_ACTION ITEM_
Emit a verbatim copy of the lines below from the line with "An interactive 3D" through the line with "Lucky Brand Thermal", excluding pictures and everything outside that range.

==========

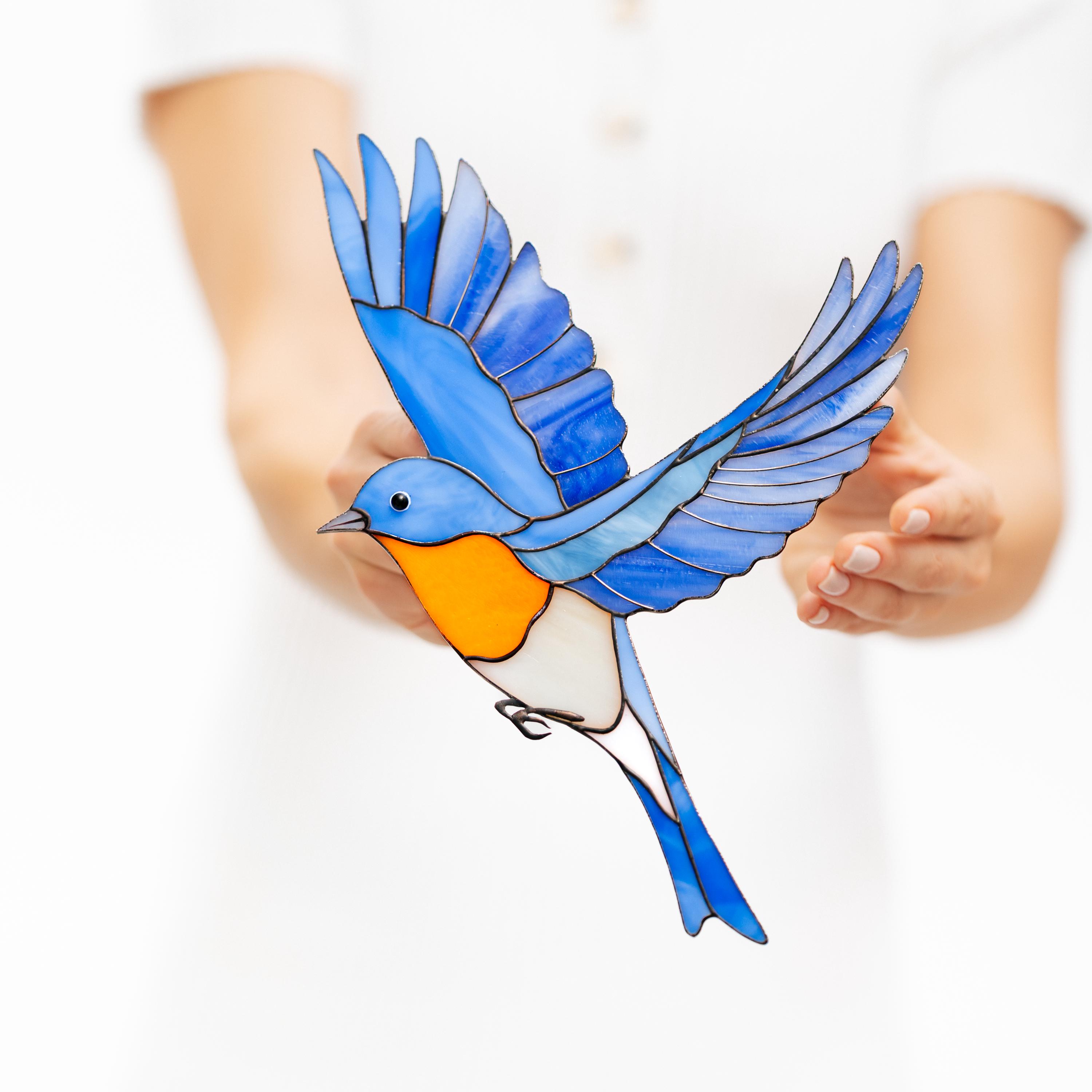 Bluebird Stained Glass Bird Window Hanging - Mother's Day Gift for ...
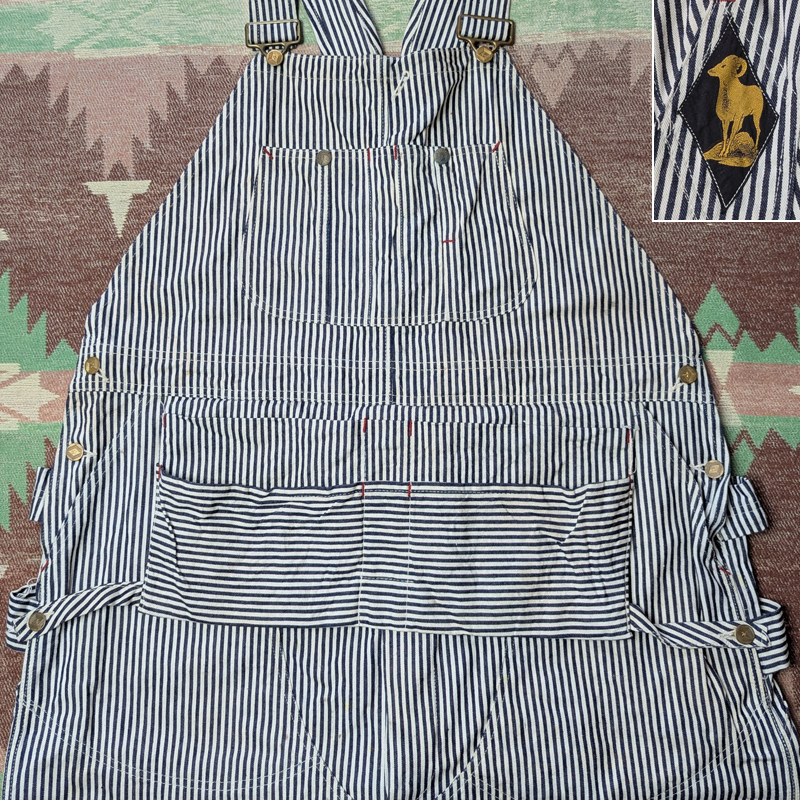 > エプロン ポケット【BUCK BRAND】ダブルニー 40年代 エクスプレス ストライプ オーバーオール 月桂樹ボタン ヒッコリー ビンテージ 30s40s
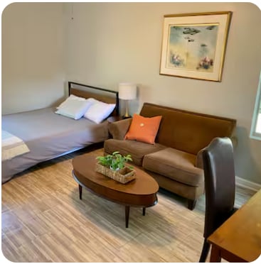 Luxury Pool House Suite with Amazing Finishes. This Space is one of the two pool house suites that sits behind the main house. All three spaces share the luxurious back yard, spa and pool. Guest are limited to keep up with covid restrictions and to help ensure the chill relaxed vibe the space creates. No parties/events are hosted here and the only way to have the pool & spa privately, is to rent the entire compound. The main house has a (3) day minimum. Ask for details if interested.
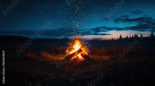 Campfire crackling under starry night sky, field, embers
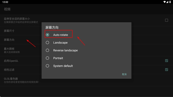 3、然后找到屏幕方向,选择Auto rotate即可在游戏启动后自动转屏为横屏。
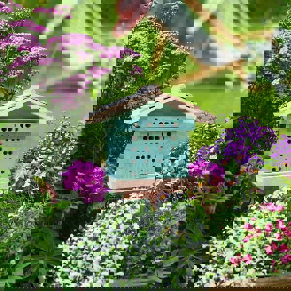 Encourage pollinators into your garden with this decorative wooden bee house, designed to provide a safe nesting space for solitary bees. Crafted from natural wood and finished in a soft green tone, the layered structure features multiple pre-drilled holes to support species such as mason bees and leafcutter bees.
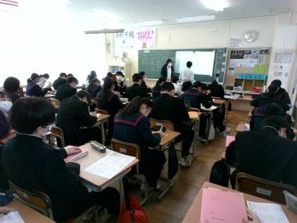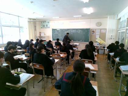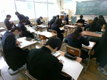3組は、社会の問題を各自で復習し、昨日の入試問題の答えを確認し合っています。(中)
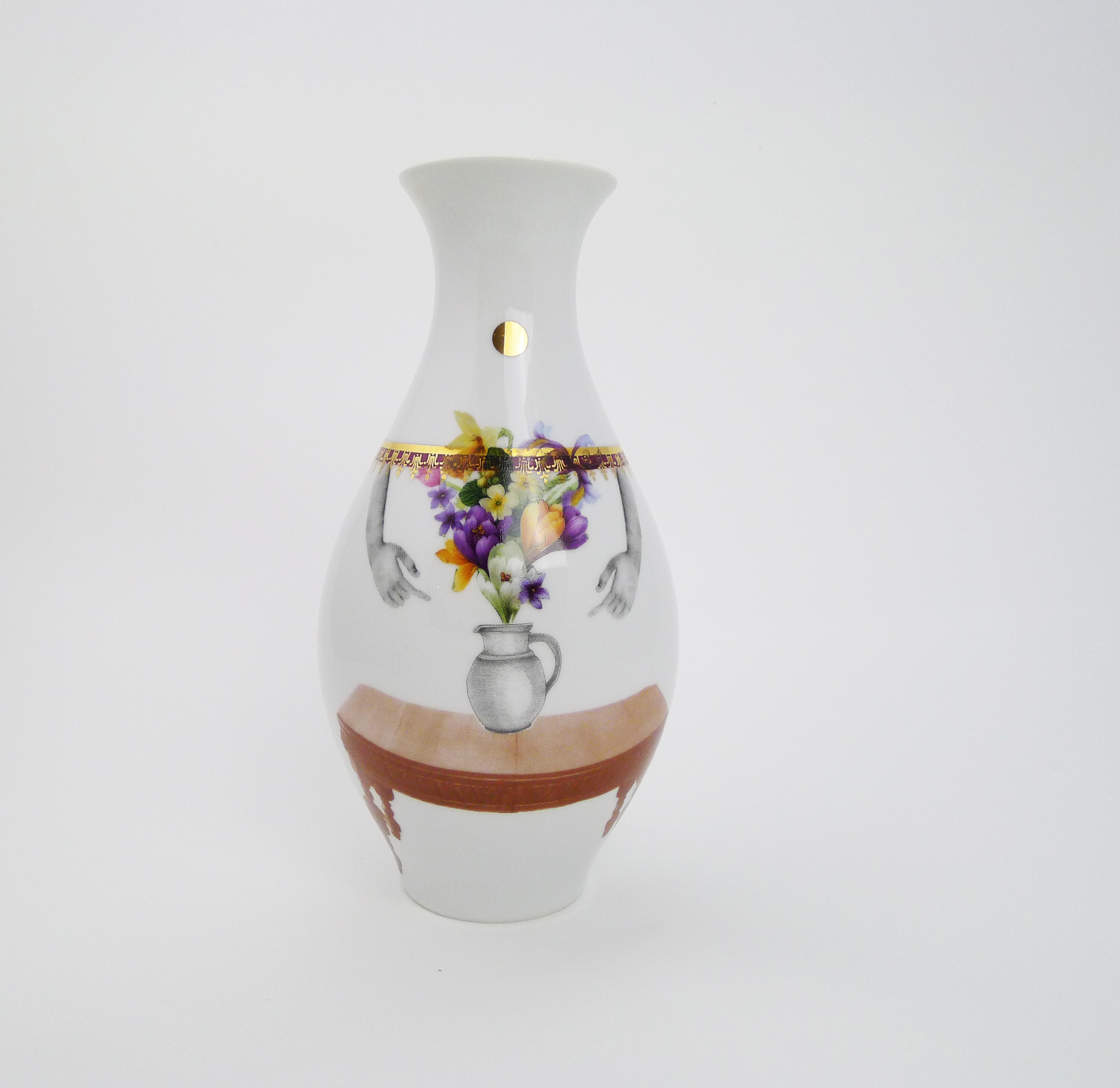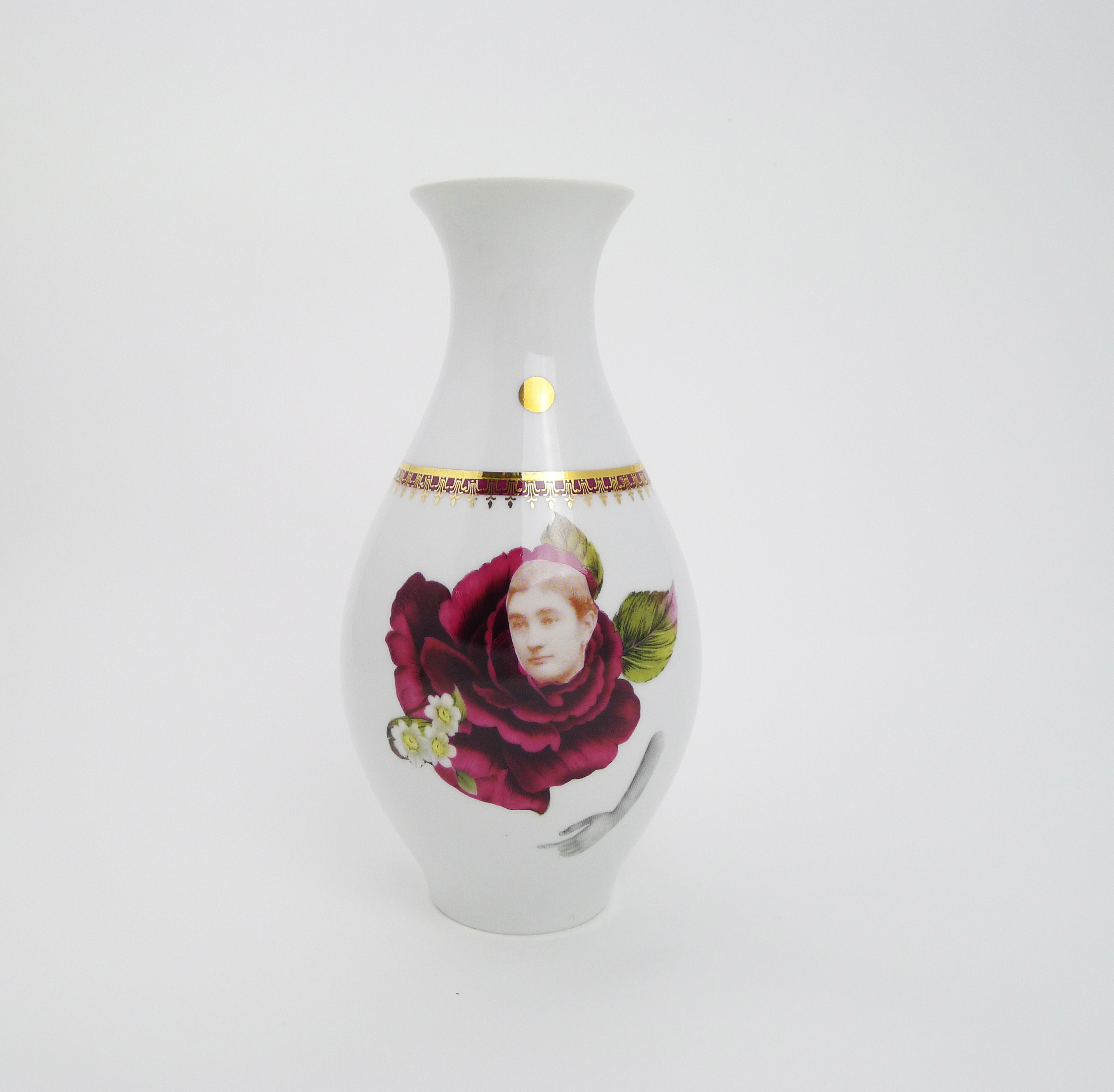Vase, floral decor, collaged and two side illustrated.
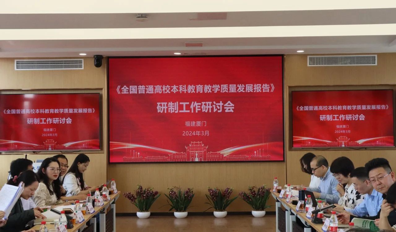 2024年3月25-26日,教育部教育质量评估中心在厦门大学教育研究院召开《全国普通高校本科教育教学质量发展报告(2023-2024 年度)》(以下简称《质量发展报告》)编制工作研讨会。评估中心主任徐维清、监测研究处处长张勇、副处长王铄等出席会议,来自同济大学、西安交通大学、北京交通大学、广西师范大学、北京教育科学研究院和我校等单位专家团队成员参加。我院院长、专家组组长别敦荣主持会议。
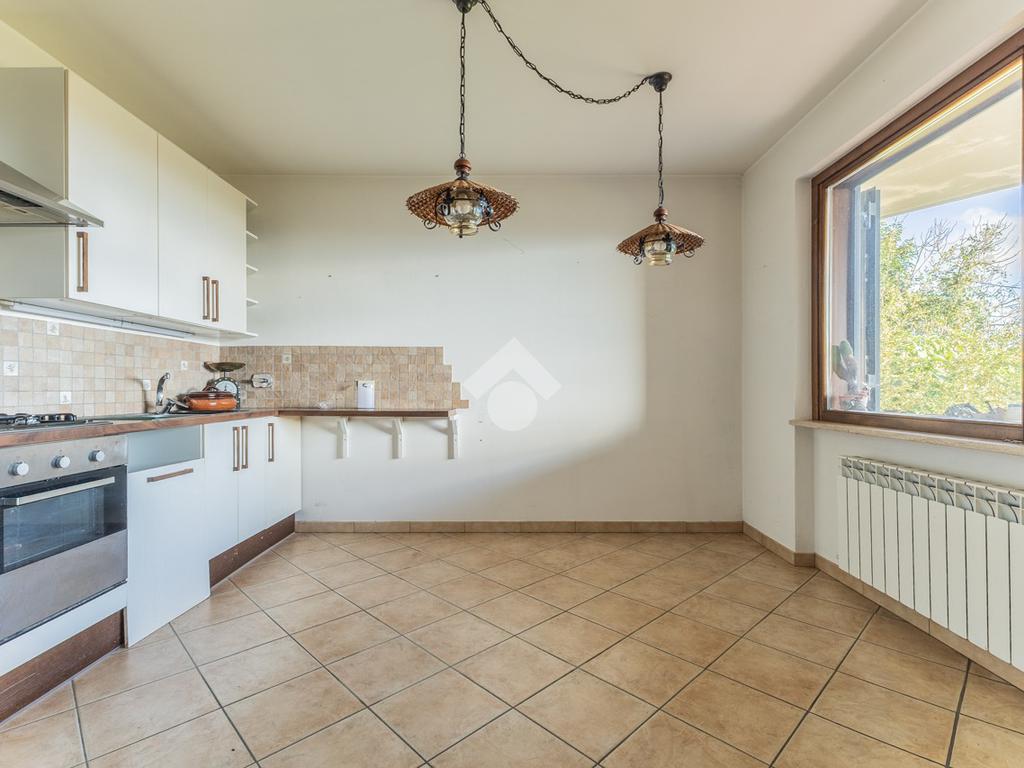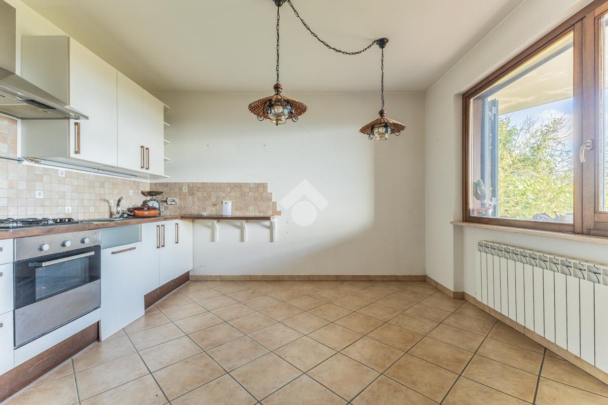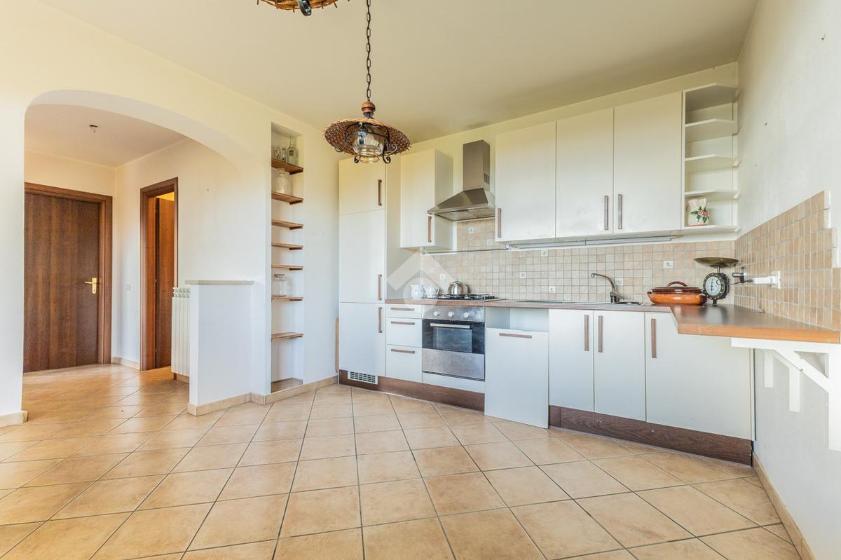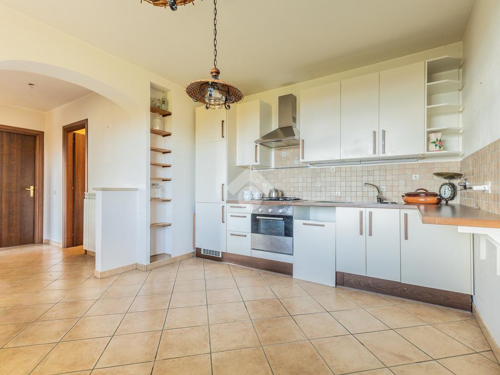 Il soggiorno è separato dalla cucina abitabile da un elegante arco, e, quest’ultima, gode di una grande finestra che offre una splendida vista panoramica.
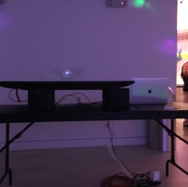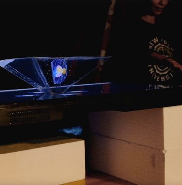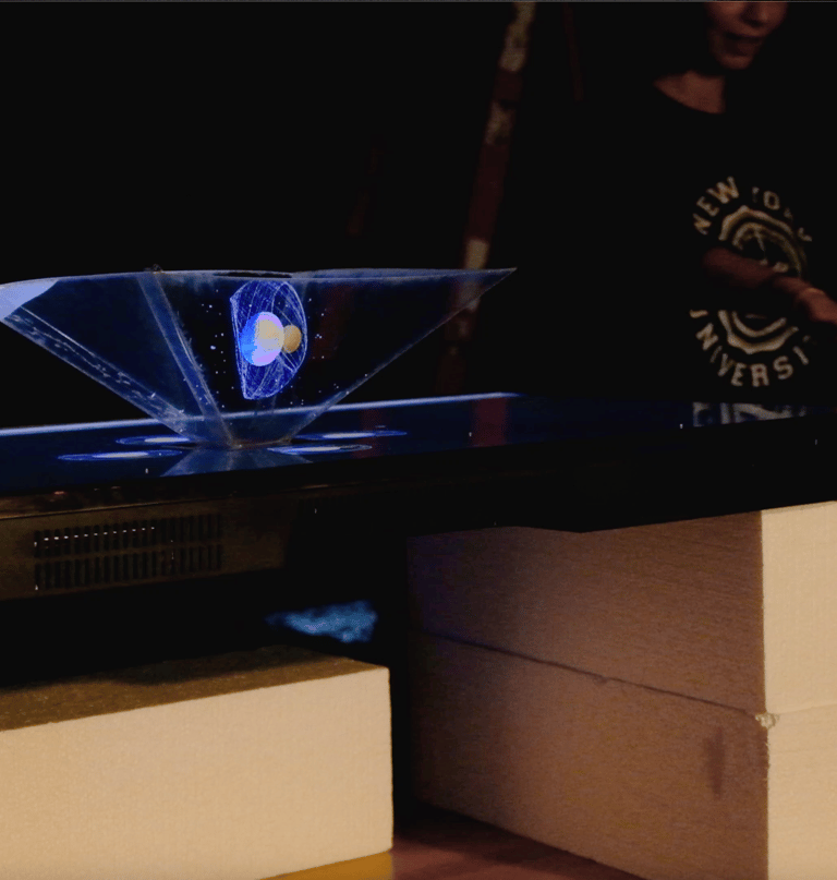 An interactive 3D holographic projection of outer-space that responds to music and hand gestures showcased at the BAM kids festival 2018.
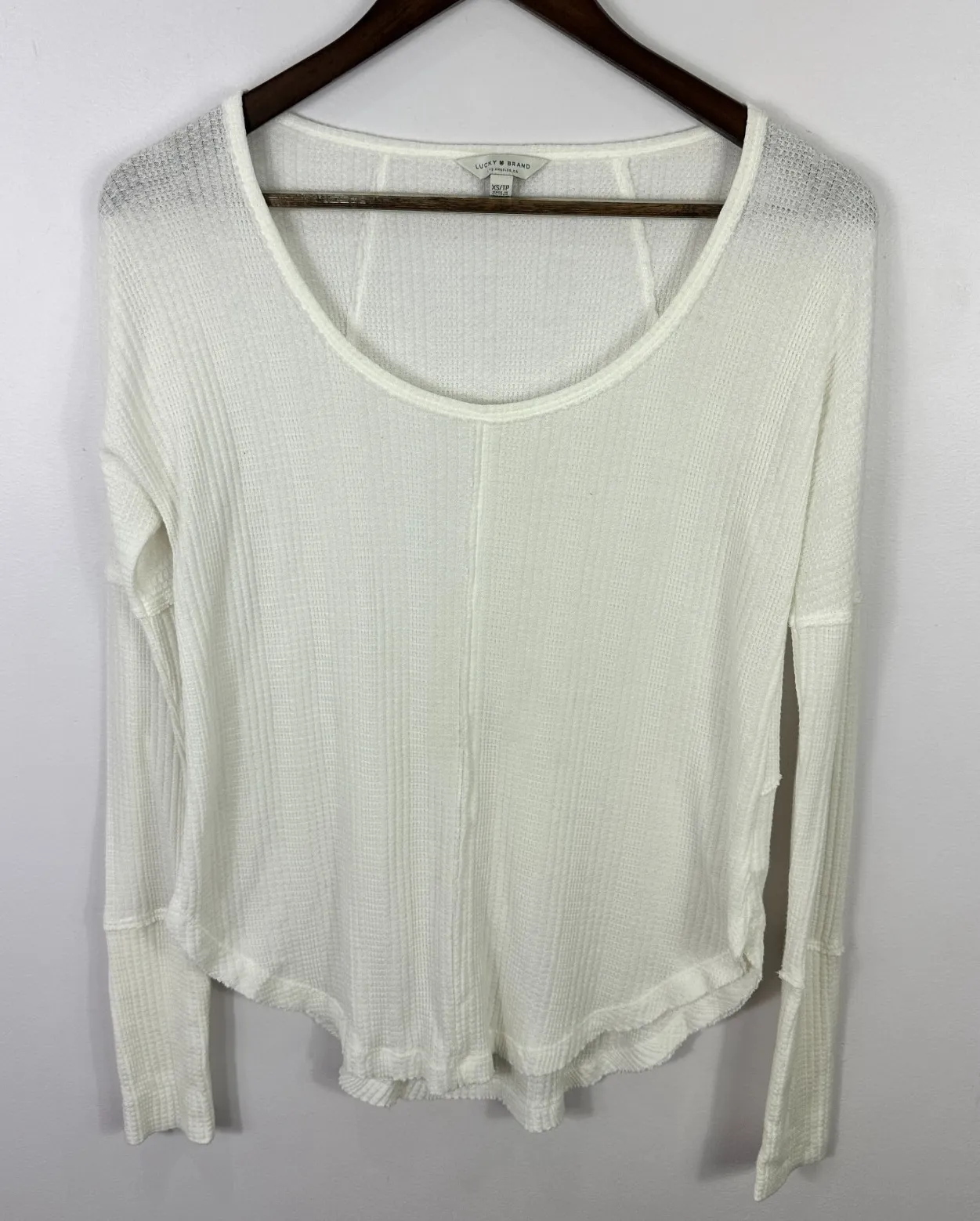 Lucky Brand Thermal Top XS White Waffle Knit Long Sleeve Soft Grunge Minimalist Layer Condition: Ex... Show more
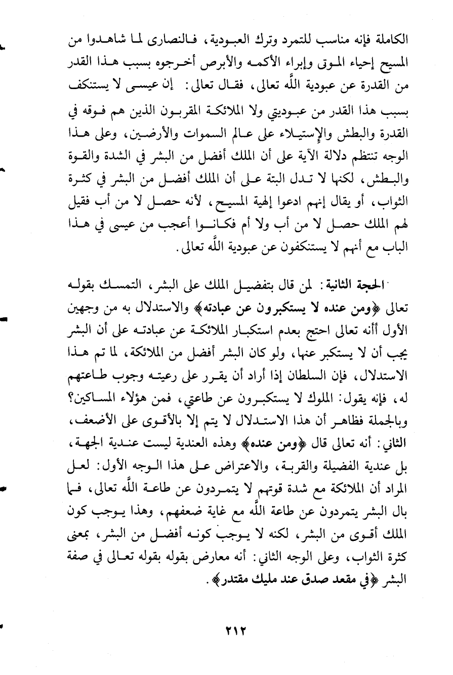 الكاملة فإنه مناسب للاتمرد وترك العبودية، فالنصارى لما شاهدوا من المسيح إحياء الموتى وإبراء الأكمه والأبرص أخرجوه بسبب هذا القدر عن عبودية الله تعالى، فقال تعالى: إن عيسى لا يستنكف بسبب هذا القدر عن عبوديتي ولا الملائكة المقربون الذين هم فوقه في القدرة والبطش والإستيلاء على عالم السموات والأرضين، وعلى هذا الوجه تنتظم دلالة الآية على ان الملك أفضل من البشر في الشدة والقوة والبطش، لكنها لا تدل ألبتة على أن الملك أفضل من البشر في كثرة الثواب، أو يقال إنهم إنما ادعوا إلهية المسيح، لأنه حصل لا من أب فقيل لهم: الملك حصل لا من أب ولا أم فكانوا أعجب من عيسى في هذا الباب مع أنهم لا يستنكفون عن عبودية الله تعالى.

==========

_SOLVED EXERCISE_
 An interactive 3D holographic projection of outer-space that responds to music and hand gestures showcased at the BAM kids festival 2018.
 Lucky Brand Thermal Top XS White Waffle Knit Long Sleeve Soft Grunge Minimalist Layer Condition: Ex... Show more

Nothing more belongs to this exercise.